*** Provided data ***

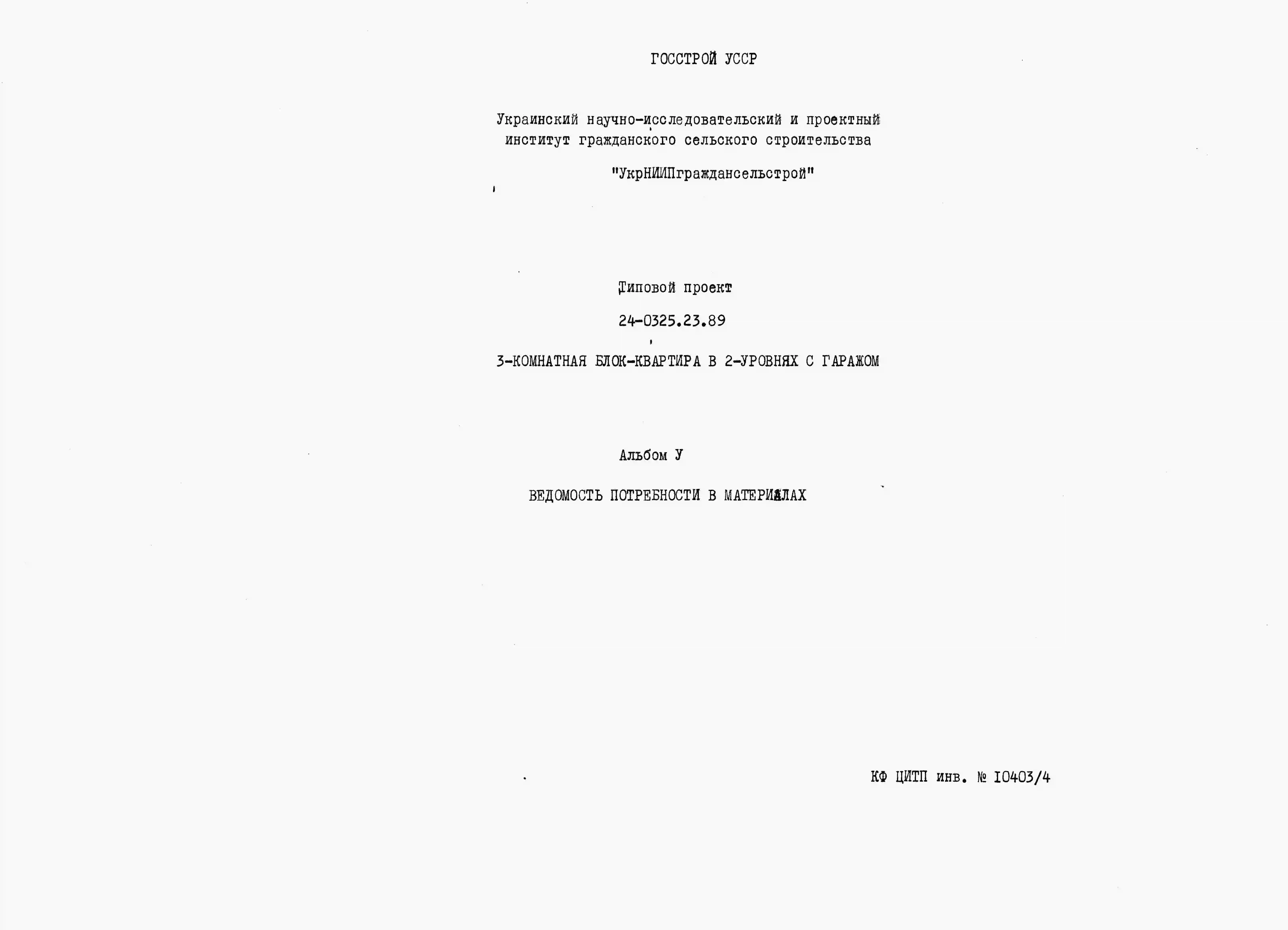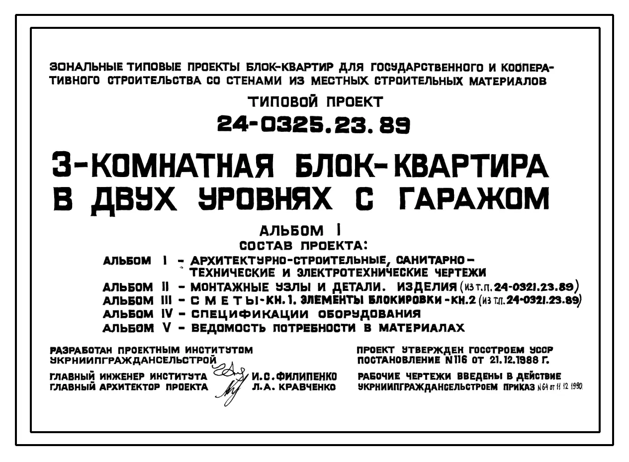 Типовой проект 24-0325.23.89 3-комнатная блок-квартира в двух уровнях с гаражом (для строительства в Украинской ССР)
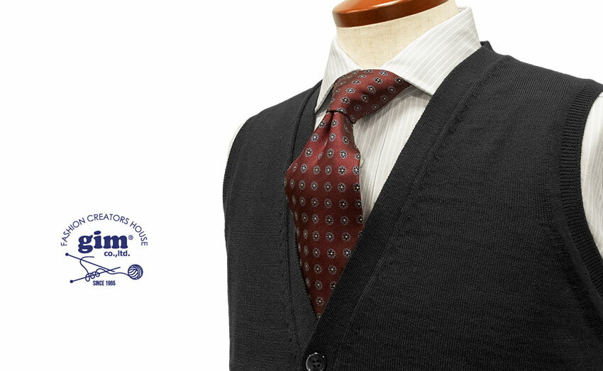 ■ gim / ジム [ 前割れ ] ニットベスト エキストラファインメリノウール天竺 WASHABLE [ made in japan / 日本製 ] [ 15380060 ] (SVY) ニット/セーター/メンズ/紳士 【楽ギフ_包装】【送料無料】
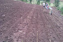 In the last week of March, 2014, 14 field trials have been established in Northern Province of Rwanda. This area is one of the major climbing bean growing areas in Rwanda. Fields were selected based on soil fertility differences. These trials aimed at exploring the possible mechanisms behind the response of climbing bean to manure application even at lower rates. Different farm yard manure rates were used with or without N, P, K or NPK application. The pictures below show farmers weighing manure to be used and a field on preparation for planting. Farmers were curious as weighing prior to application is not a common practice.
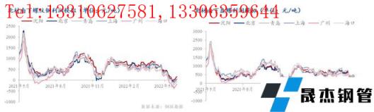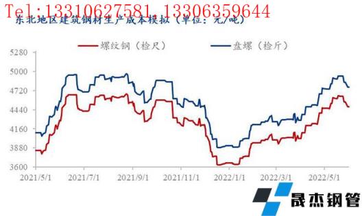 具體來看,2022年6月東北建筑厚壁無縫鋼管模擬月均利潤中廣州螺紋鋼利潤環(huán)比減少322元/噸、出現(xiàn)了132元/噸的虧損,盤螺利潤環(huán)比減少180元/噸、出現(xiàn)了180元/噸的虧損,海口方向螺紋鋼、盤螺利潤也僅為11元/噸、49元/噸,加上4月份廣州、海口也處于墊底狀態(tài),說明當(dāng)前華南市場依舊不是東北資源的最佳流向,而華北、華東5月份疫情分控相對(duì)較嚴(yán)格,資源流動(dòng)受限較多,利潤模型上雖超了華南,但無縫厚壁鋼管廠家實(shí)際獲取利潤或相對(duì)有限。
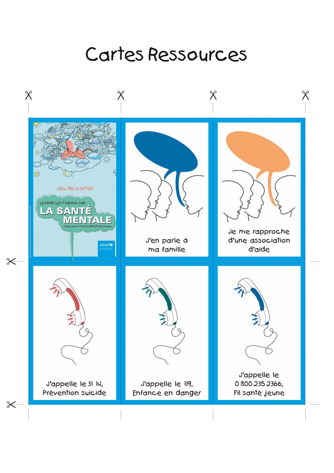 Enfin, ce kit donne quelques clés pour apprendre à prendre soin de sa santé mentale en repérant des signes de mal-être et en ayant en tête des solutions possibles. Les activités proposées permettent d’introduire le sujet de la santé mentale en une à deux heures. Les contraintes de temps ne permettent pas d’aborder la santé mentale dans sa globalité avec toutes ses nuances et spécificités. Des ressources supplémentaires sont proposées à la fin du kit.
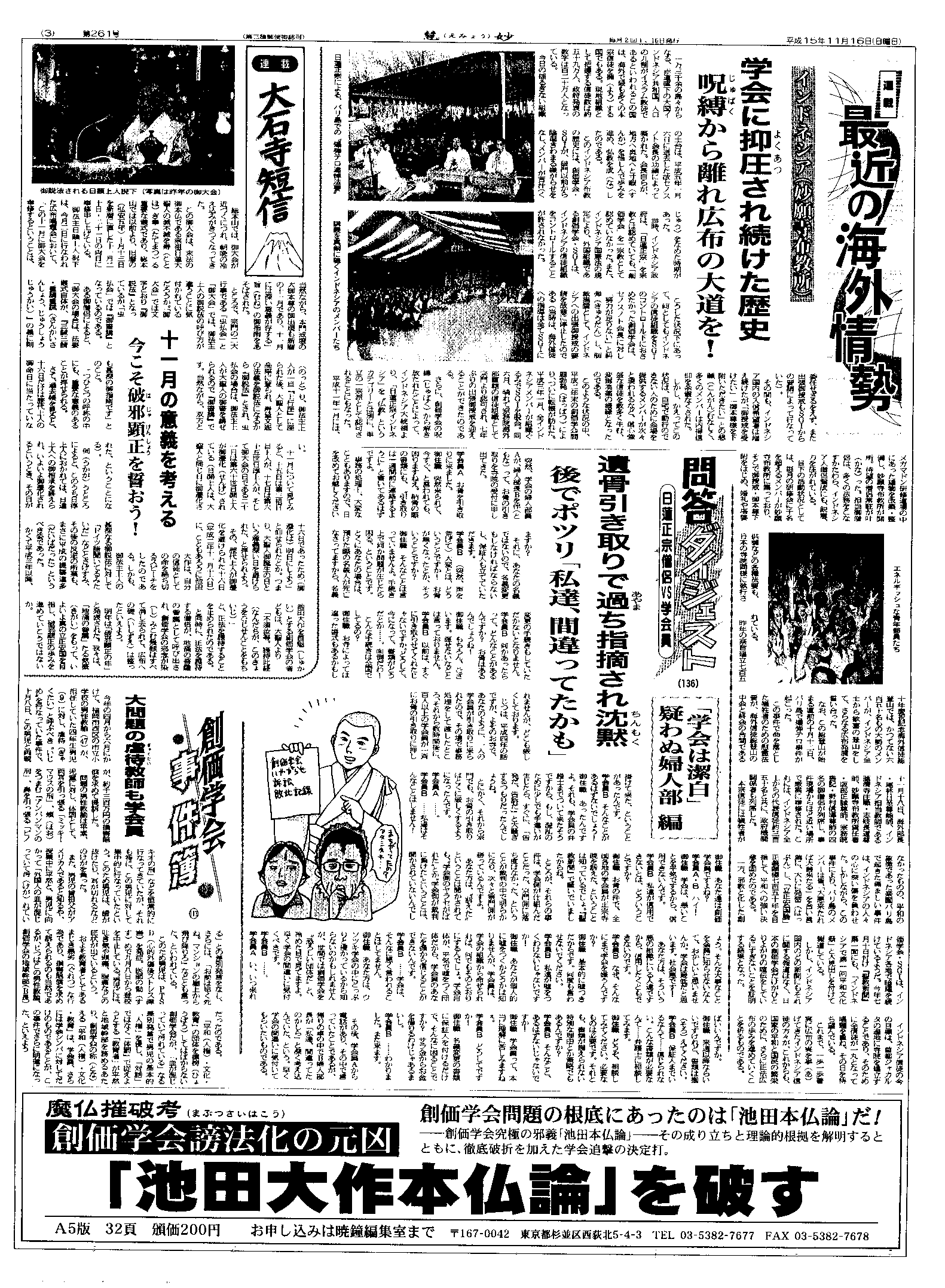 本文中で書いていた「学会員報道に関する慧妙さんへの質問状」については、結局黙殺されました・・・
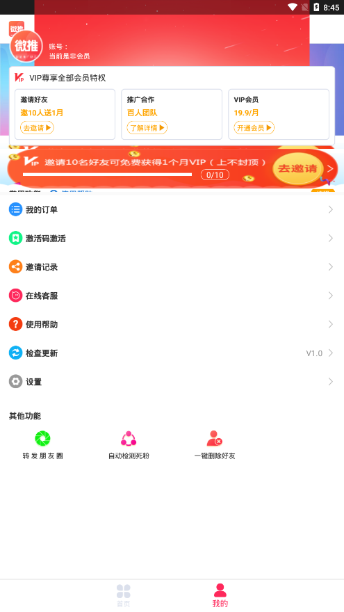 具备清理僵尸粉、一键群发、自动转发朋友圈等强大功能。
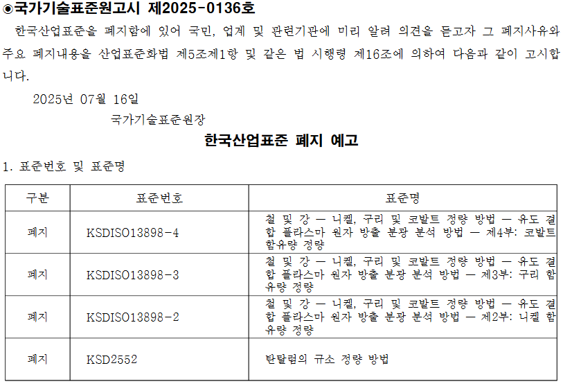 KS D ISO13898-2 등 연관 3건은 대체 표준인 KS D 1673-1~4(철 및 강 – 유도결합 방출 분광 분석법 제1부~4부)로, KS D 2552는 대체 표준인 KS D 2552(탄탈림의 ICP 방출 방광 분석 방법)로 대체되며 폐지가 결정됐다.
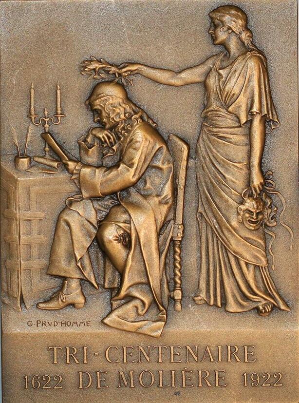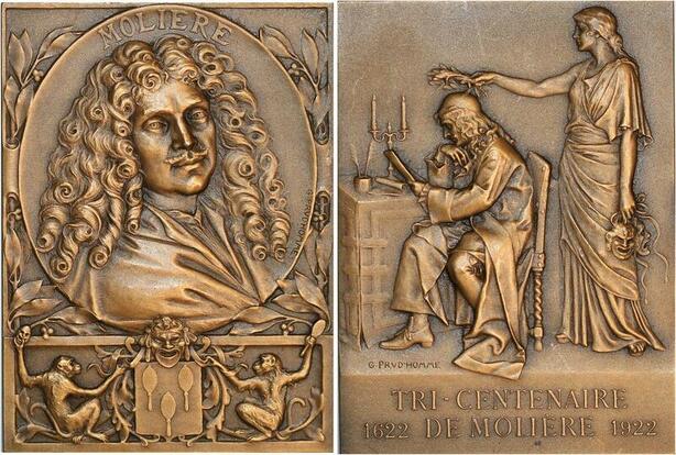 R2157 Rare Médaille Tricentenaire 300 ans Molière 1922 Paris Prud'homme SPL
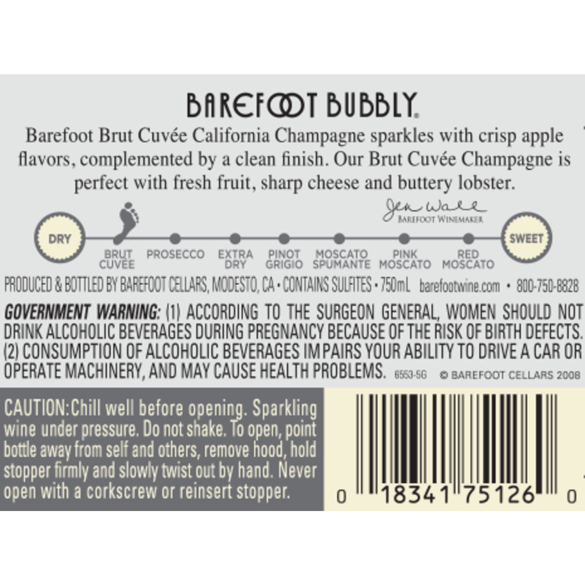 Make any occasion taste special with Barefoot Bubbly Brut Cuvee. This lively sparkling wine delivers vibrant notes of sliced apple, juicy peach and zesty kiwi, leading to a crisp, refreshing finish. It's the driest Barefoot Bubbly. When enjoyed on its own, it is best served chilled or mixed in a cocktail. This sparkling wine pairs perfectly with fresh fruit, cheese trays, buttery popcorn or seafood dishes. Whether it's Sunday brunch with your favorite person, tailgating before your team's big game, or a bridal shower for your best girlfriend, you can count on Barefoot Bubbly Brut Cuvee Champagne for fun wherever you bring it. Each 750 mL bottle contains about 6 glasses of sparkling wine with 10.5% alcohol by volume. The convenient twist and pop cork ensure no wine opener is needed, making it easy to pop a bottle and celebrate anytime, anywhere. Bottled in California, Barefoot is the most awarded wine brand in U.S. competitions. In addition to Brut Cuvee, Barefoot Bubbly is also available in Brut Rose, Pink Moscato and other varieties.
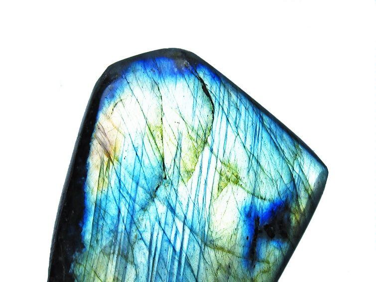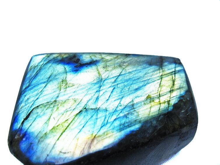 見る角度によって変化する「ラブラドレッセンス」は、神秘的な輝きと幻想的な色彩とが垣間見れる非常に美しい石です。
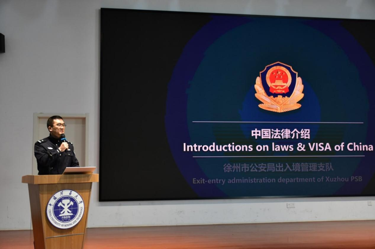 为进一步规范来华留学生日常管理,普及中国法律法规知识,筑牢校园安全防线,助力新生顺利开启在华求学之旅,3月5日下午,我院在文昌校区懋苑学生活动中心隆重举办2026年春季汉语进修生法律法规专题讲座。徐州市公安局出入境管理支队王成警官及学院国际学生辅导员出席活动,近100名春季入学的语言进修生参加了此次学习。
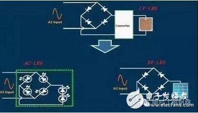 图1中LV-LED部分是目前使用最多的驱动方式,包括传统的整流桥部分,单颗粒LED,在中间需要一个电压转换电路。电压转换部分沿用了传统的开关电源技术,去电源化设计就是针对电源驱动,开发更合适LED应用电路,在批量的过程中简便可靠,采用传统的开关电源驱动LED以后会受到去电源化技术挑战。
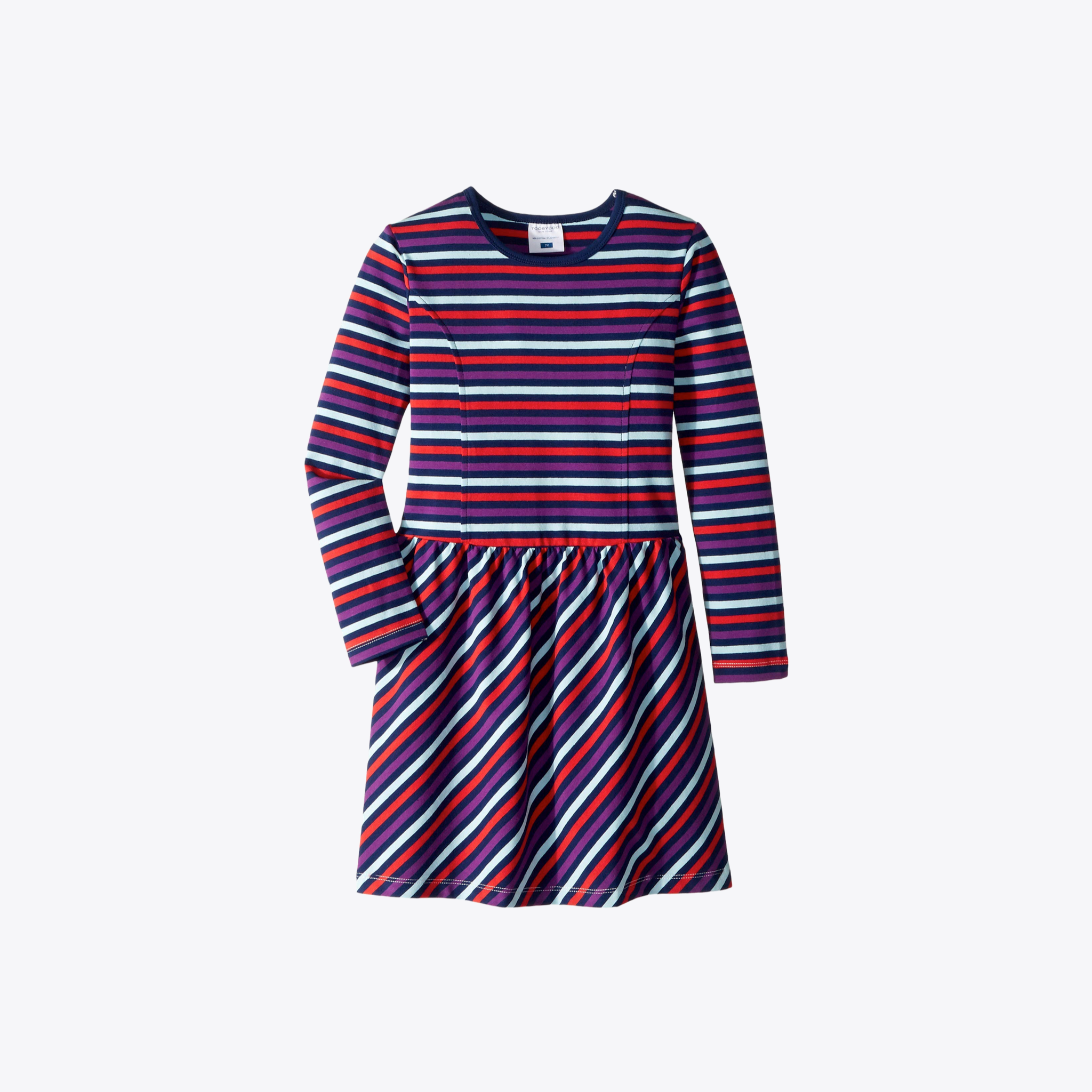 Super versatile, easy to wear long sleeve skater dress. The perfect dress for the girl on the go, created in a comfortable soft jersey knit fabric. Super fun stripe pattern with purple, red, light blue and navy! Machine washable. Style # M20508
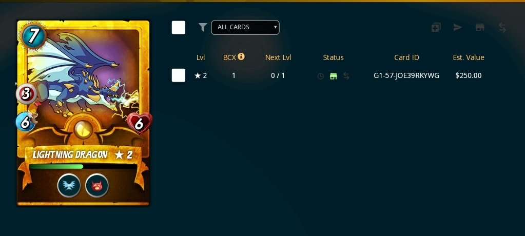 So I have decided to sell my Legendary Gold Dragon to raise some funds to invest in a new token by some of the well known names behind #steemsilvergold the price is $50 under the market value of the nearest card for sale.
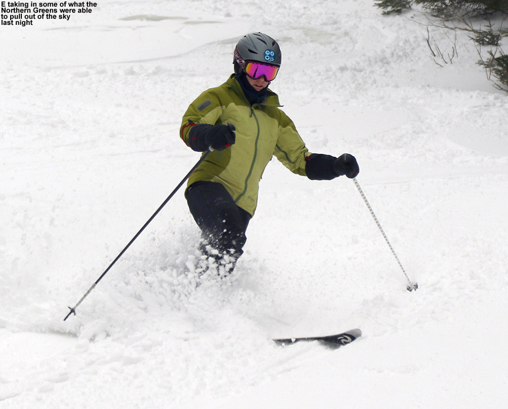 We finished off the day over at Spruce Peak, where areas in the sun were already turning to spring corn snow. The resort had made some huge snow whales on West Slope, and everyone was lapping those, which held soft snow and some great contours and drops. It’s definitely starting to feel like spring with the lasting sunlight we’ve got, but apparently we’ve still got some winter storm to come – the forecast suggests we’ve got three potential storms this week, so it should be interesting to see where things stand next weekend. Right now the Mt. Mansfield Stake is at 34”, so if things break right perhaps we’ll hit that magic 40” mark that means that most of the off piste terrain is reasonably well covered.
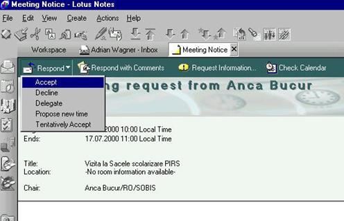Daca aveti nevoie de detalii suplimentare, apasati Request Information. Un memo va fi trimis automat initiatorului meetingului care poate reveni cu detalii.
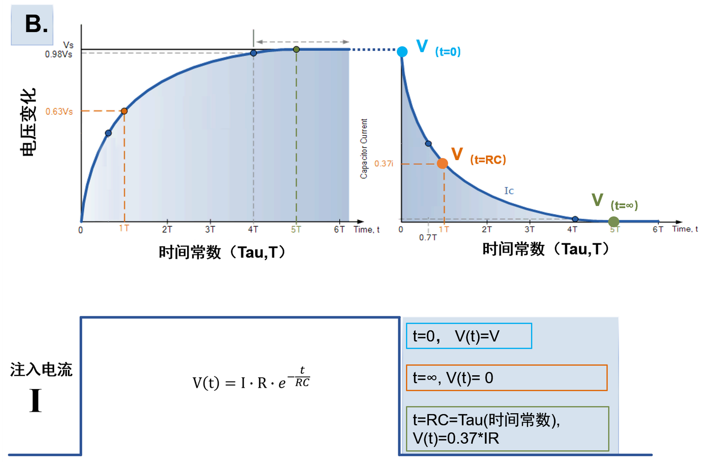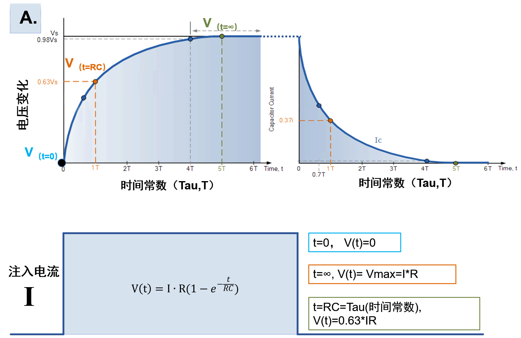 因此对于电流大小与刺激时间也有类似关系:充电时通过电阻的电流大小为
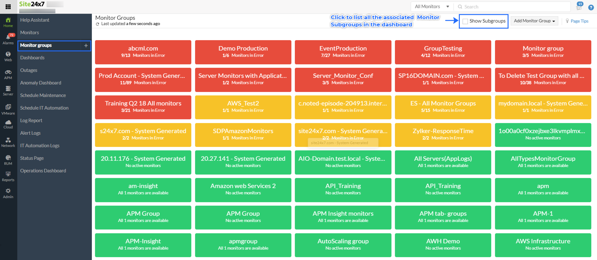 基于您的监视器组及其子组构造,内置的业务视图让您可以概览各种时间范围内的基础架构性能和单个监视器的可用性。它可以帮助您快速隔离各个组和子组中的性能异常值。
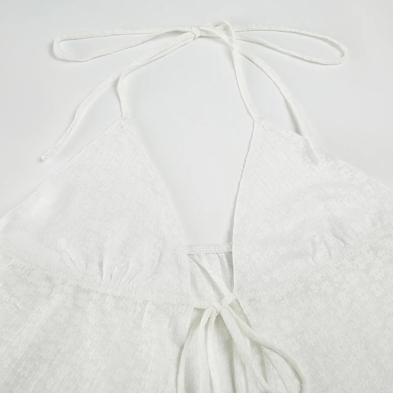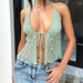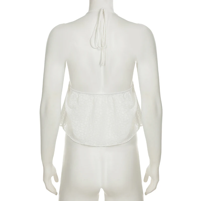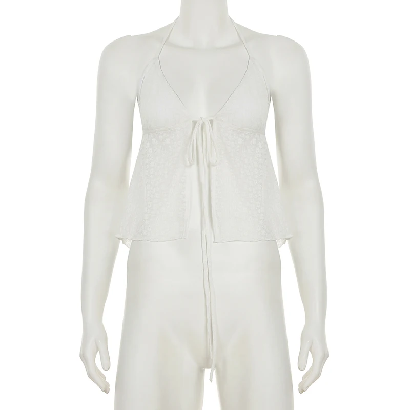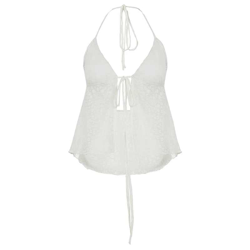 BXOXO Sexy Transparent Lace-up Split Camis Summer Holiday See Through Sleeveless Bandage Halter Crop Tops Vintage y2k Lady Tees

*** End of Provided data ***

> _What you should do_
Find the line with "图1中LV-LED部分是目前" in the data above, and from there retype each line exactly through the line with "So I have decided", skipping the pictures along the way.

> _Response to this task_
 图1中LV-LED部分是目前使用最多的驱动方式,包括传统的整流桥部分,单颗粒LED,在中间需要一个电压转换电路。电压转换部分沿用了传统的开关电源技术,去电源化设计就是针对电源驱动,开发更合适LED应用电路,在批量的过程中简便可靠,采用传统的开关电源驱动LED以后会受到去电源化技术挑战。
 Super versatile, easy to wear long sleeve skater dress. The perfect dress for the girl on the go, created in a comfortable soft jersey knit fabric. Super fun stripe pattern with purple, red, light blue and navy! Machine washable. Style # M20508
 So I have decided to sell my Legendary Gold Dragon to raise some funds to invest in a new token by some of the well known names behind #steemsilvergold the price is $50 under the market value of the nearest card for sale.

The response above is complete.